Hewes oversees the bar's cocktail program, which includes creating new thematic cocktails and reintroducing classic cocktails. He aims to create cocktails that guests can make easily at home. Hewes makes classic cocktails that reflect history and the cocktail's original recipe. He opposes the use of what he calls "secret ingredients" to craft cocktails. In a 2016 interview with Vice Hewes shared that "the key to a correct cocktail is the final taste."

His favorite drinks to make include the Old Fashioned, Sidecar, and Mint Julep, the latter which Henry Clay introduced to the bar.

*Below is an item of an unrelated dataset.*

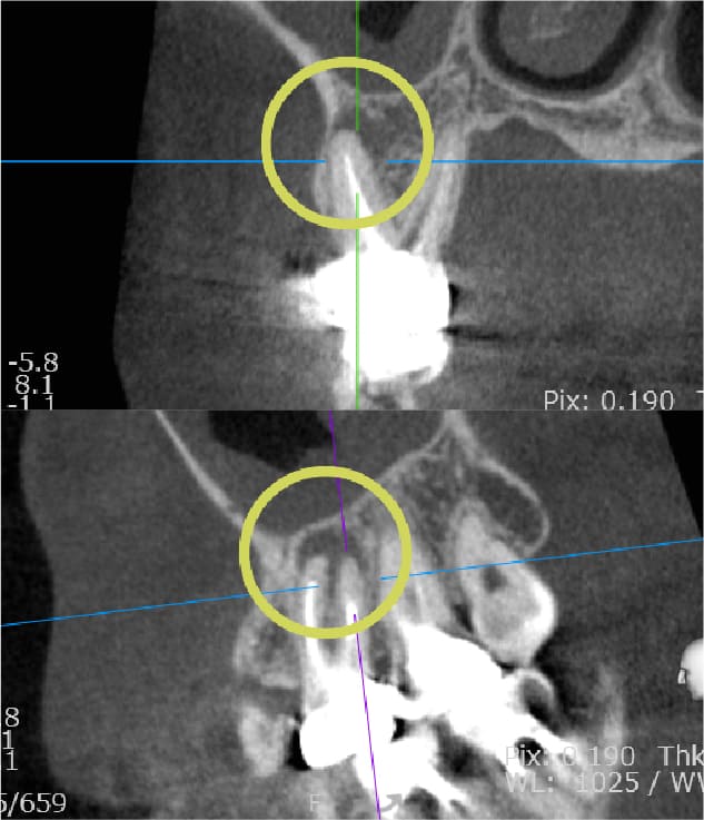 | 概要 | 右上の痛みを訴えて来院されました。 CT撮影の結果、右上6番の根尖に黒い影があり、上顎洞内の粘膜も炎症で厚く腫れていることが確認できました。 被せ物と土台を外し、ラバーダムを装着したうえで根管治療を行いました。 この患者様は自費の根管治療を希望され、マイクロスコープを使用して感染除去を行い、充填材にはMTAを使用しています。 術後の経過は良好で、黒い影は消失し、上顎洞の炎症も改善していることが確認できました。 |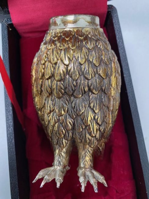 A silver plated novelty owl caster

It remains the Round Robin's signature drink.

During the holidays, Hewes offers thematic cocktails, which have included hot spiced cider, hot buttered rum, and a Jingle Bell Julep, a variation on a mint julep with red and green spirits used to symbolize the holiday season. Other cocktails he has created for the holidays include the Poinsettia, which comprises Champagne, framboise and cranberry.

In 2013, Hewes created a cocktail program by creating a cocktail for all 44 presidents, based on cocktails that presidents have historically consumed or that are thematic to a president's life. Presidential beverages include Madeira wine, which George Washington used to drink, hot buttered rum in honor of John Quincy Adams, and a twist on the Blue Hawaii, which uses tequila rather than rum, as a tribute to Barack Obama, which honors Obama's life in Hawaii. He introduces the menu, for a limited time only, during every presidential inauguration season.

==Personal life==

Hewes has lived in Washington DC since 1977. He is an avid book collector.